▶ **Provided data**:
▼
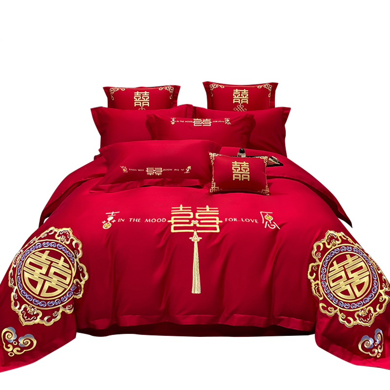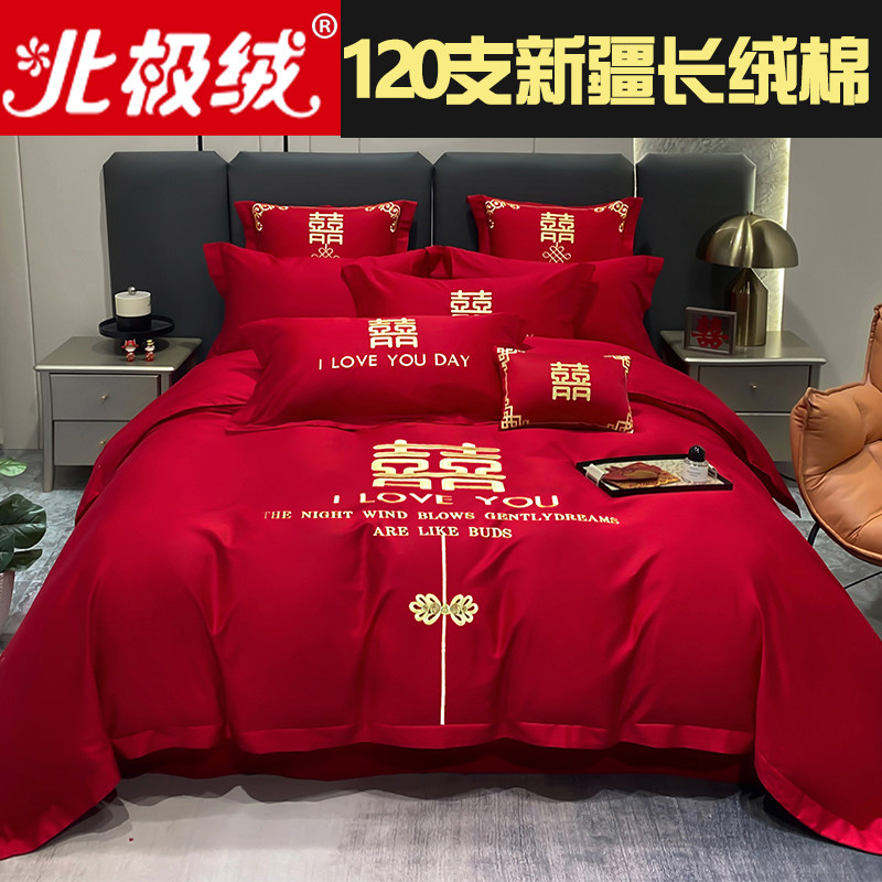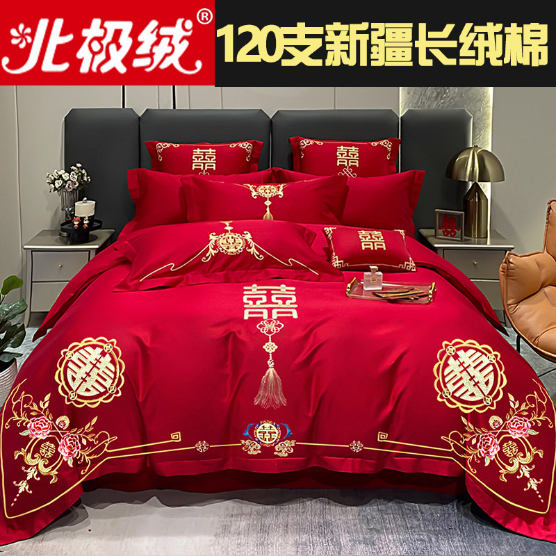 120支新疆长绒棉结婚床上四件套婚床婚嫁全棉婚庆大红色喜被婚房
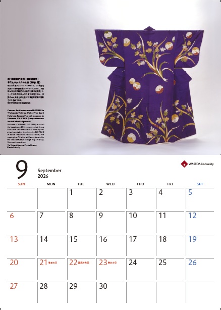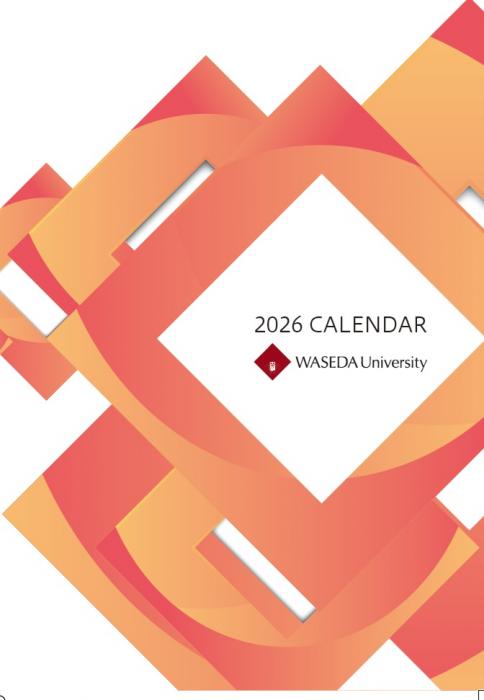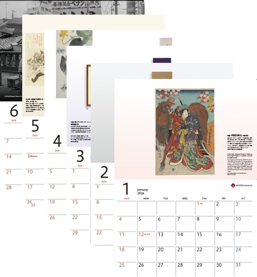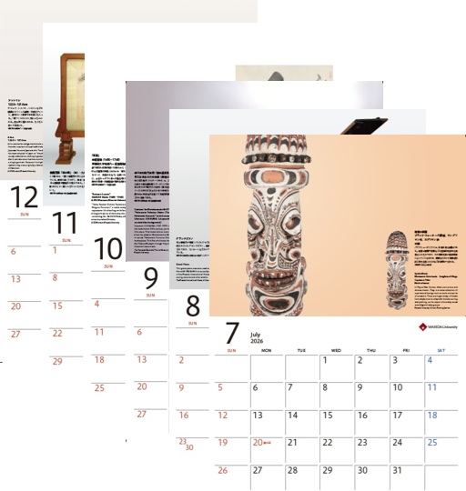 早稲田大学の文化施設および図書館が所蔵する美術工芸品や書画、博物資料などに、解説文(日本語・英語併記)を添えて紹介する2026年のカレンダーです。文化資料写真と書き込みのできる月間スケジュールのページを組み合わせた、使いやすい大きさ(A3判)の壁かけカレンダーです。
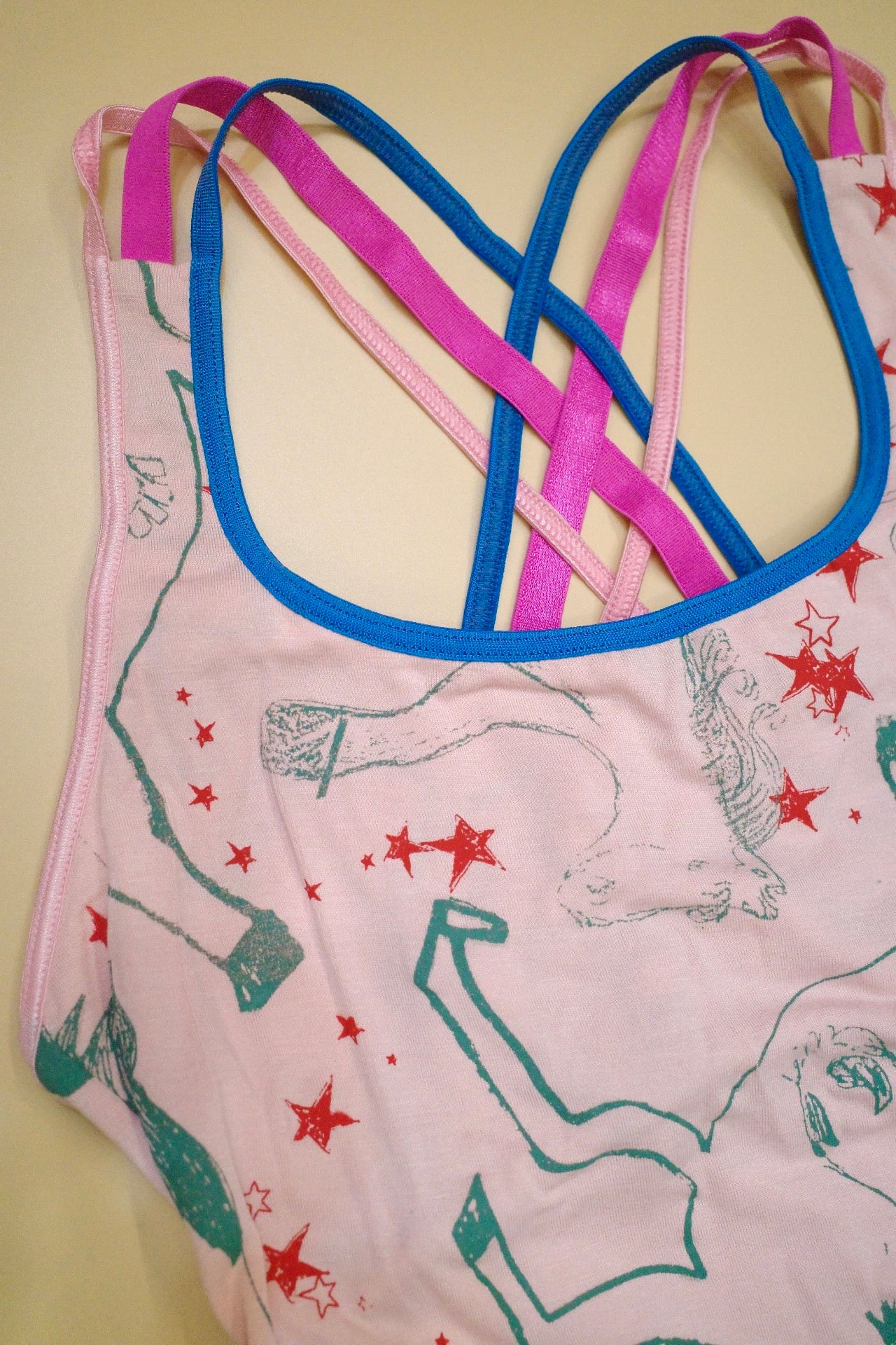 胸元はパッドポケット付きで一枚でインナーに。カラフルな3本ストラップが背中で交差するデザイン。
▲
A word-for-word copy of the material is required; pictures stay out of it.

▶ **Written answer**:
 120支新疆长绒棉结婚床上四件套婚床婚嫁全棉婚庆大红色喜被婚房
 早稲田大学の文化施設および図書館が所蔵する美術工芸品や書画、博物資料などに、解説文(日本語・英語併記)を添えて紹介する2026年のカレンダーです。文化資料写真と書き込みのできる月間スケジュールのページを組み合わせた、使いやすい大きさ(A3判)の壁かけカレンダーです。
 胸元はパッドポケット付きで一枚でインナーに。カラフルな3本ストラップが背中で交差するデザイン。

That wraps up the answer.